The company recognizes that transactions between the company and any of its directors or executives can present potential or actual conflicts of interest and create the appearance that company decisions are based on considerations other than the best interests of the company and its shareholders. Nevertheless, the company recognizes that there are situations where such transactions may be in, or may not be inconsistent with, the best interests of the company. Therefore, pursuant to the requirements of its charter, the audit committee of the board of directors reviews and, if appropriate, approves or ratifies any such transactions in which the company is or will be a participant, and in which any of the company’s directors or executives had, has or will have a direct or indirect material interest. The committee will only approve or ratify those transactions that are in, or are not inconsistent with, the best interests of the company and its shareholders, as the committee determines in good faith.

Change in Control Agreements With our Executive Officers. We have entered into change in control agreements with our named executive officers. See “Potential Payments Upon Termination or Change In Control.”

Indemnification Agreements. Our articles of incorporation and bylaws allow us to indemnify our officers and directors to the fullest extent permitted by the Washington Business Corporation Act. In addition, our articles provide the company with the authority to purchase director and officer liability insurance to meet these obligations. We currently provide such insurance and intend to maintain it.

In addition, we have entered into indemnification agreements with our directors and key executives, including our named executive officers. These agreements require SonoSite to advance fees and expenses incurred by a director or officer in defense of a legal proceeding brought against him or her as a result of actions performed as a director or officer. The advancement of such costs is conditioned upon the director or officer providing to SonoSite an undertaking stating that such costs will be repaid to SonoSite if there is a final adjudication by a court that the individual is not entitled to such indemnification.
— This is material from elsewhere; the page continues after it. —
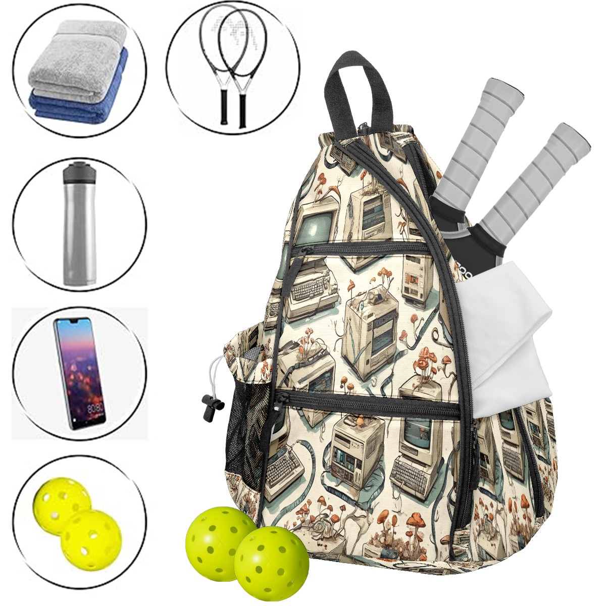 Print Pickleball Backpack Beige Computers | Padded 6-Paddle Compartment & Separate Shoe Bag | Multi-Pocket Sports & Gym Backpack for Tennis, Travel, Commute

The agreement obligates SonoSite to pay any damages, losses, and claims resulting from such legal proceeding, with the exception of actions, claims or proceedings (i) in which the director or officer is adjudged liable to SonoSite; (ii) in which the director or officer is adjudged liable on the basis that personal benefit was improperly received by the director or officer (for example, insider trading and short swing trading under Section 16); (iii) in which the director or officer is adjudged to have engaged in intentional misconduct or a knowing violation of law; and (iv) if SonoSite is otherwise prohibited by applicable law from paying such indemnification.

Related Party Transactions in 2008. The son-in-law of one of our independent directors, Jacques Souquet, Ph.D., is our vice president, corporate development. His total compensation exceeds $120,000 per fiscal year. However, he does not qualify as an executive officer under either Nasdaq rules or for Section 16 reporting purposes. Although the board determined that Dr. Souquet still qualifies as an independent director, he does not serve on the audit committee, compensation committee or nominating and corporate governance committee.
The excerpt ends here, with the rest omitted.